The saccular chamber differentiates by expansion and coiling of the cochlear duct. This duct becomes separated from the sacculus by a narrowing of the duct at its dorsal end to form the ductus reuniens (see Fig. 129.1E and F ). Whereas morphogenesis proceeds within the otocyst, histogenesis of the sensory epithelium is also occurring. The arrival of afferent endings in the epithelium precedes the differentiation of hair cells. In the third week, a common macula, or specialized neuroepithelium, appears; its upper part becomes the utricular macula and crista ampullaris of the superior and lateral semicircular ducts, and its lower part becomes the saccular macula and crista ampullaris of the posterior semicircular duct. At 9 weeks, the hair cells in the vestibular end organs are well differentiated and exhibit typical synapses with nerve endings. The maculae reach adult form at about 14 to 16 weeks; the cristae, at about 23 weeks; and the organ of Corti, at about 25 weeks. The mesoderm surrounding the membranous labyrinth becomes the bony otic capsule, or bony labyrinth . The membranous labyrinth is suspended in fluid (perilymph) within the bony labyrinth by a loose connective tissue known as periotic tissue .

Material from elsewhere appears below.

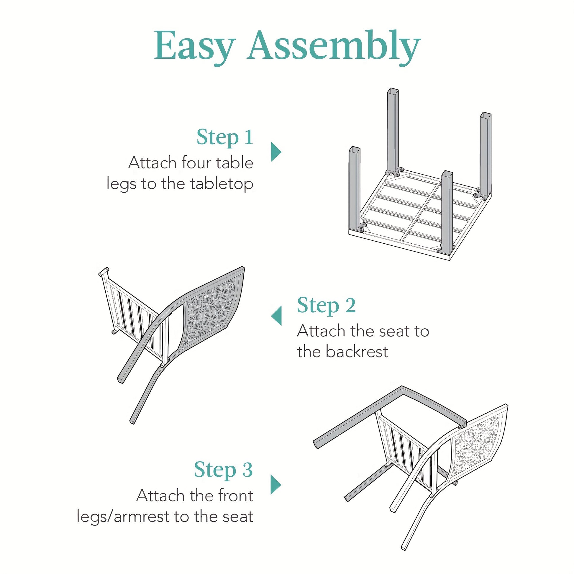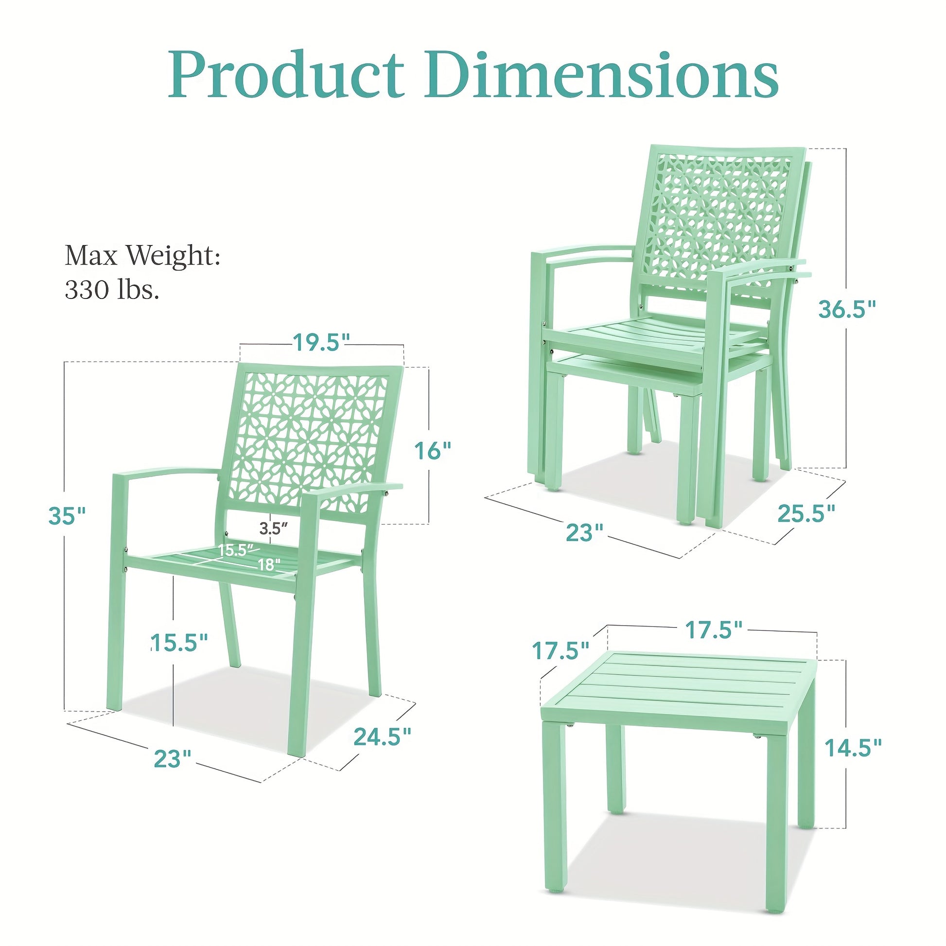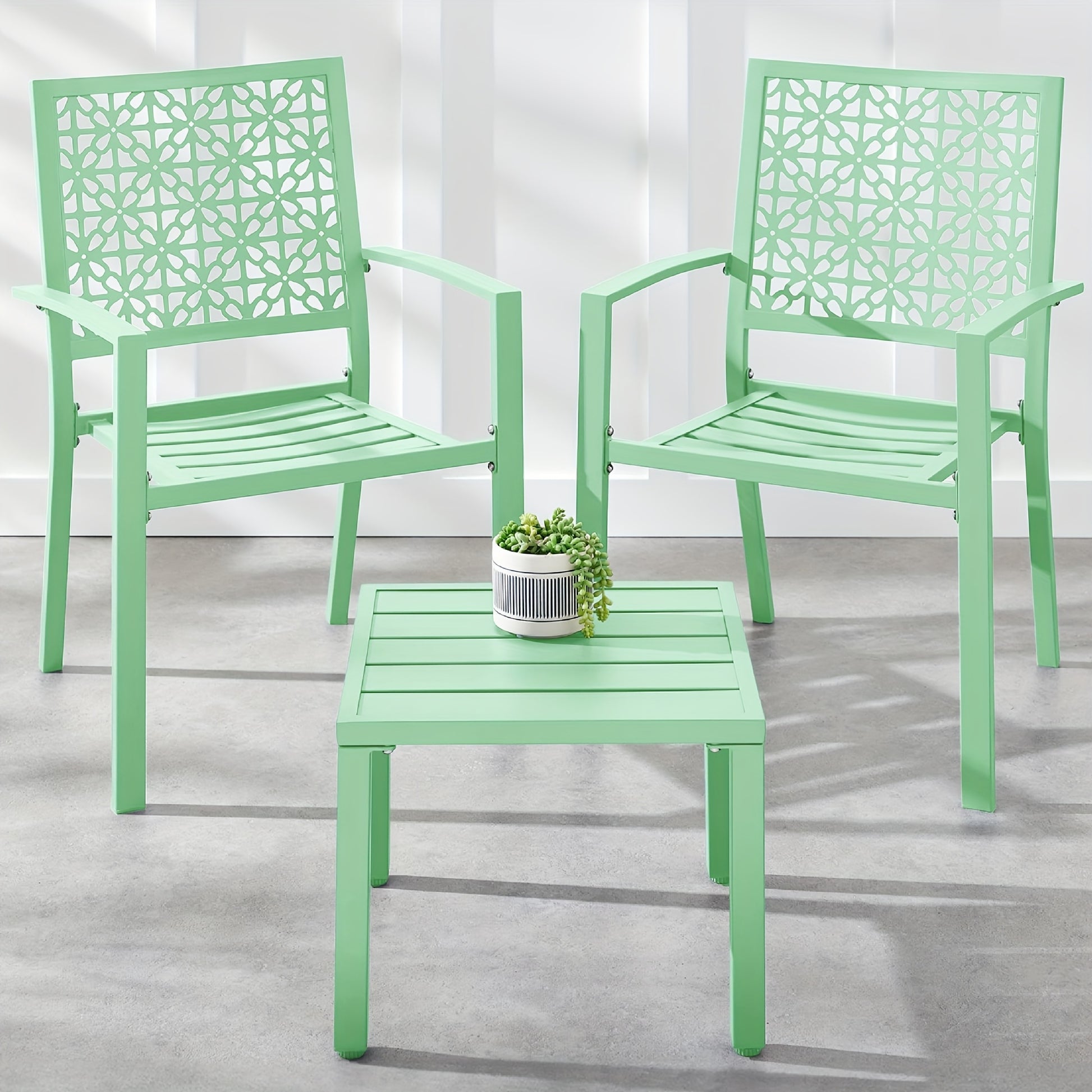 GAOMON 3pcs Bistro Set, Outdoor Bistro Set, Stackable Metal Square Table And Chairs, Small Conversation Set Patio Furniture for Backyard, Deck, Balcony, Patio, Pool

The vestibular apparatus is enclosed within a bony labyrinth, the vestibule, in the petrous portion of the temporal bone. The vestibular end organs include three semicircular canals, each oriented in a different plane, and two maculae, one roughly in the horizontal plane (the utricular macula) and one in the vertical plane (the saccular macula). There are two vertical semicircular canals, the anterior (or superior ) and posterior canals, and one horizontal canal, also known as the lateral canal. The vertical canals are oriented at roughly 45 degrees in relation to the sagittal plane, and the horizontal canal is tilted upward about 30 degrees anteriorly from the horizontal plane ( Fig. 129.2 ). The five vestibular end organs along with the cochlea are contained within an endolymph-filled membranous labyrinth, the endolymphatic space, which is contained in the perilymph-filled bony labyrinth, the perilymphatic space ( Fig. 129.3 ).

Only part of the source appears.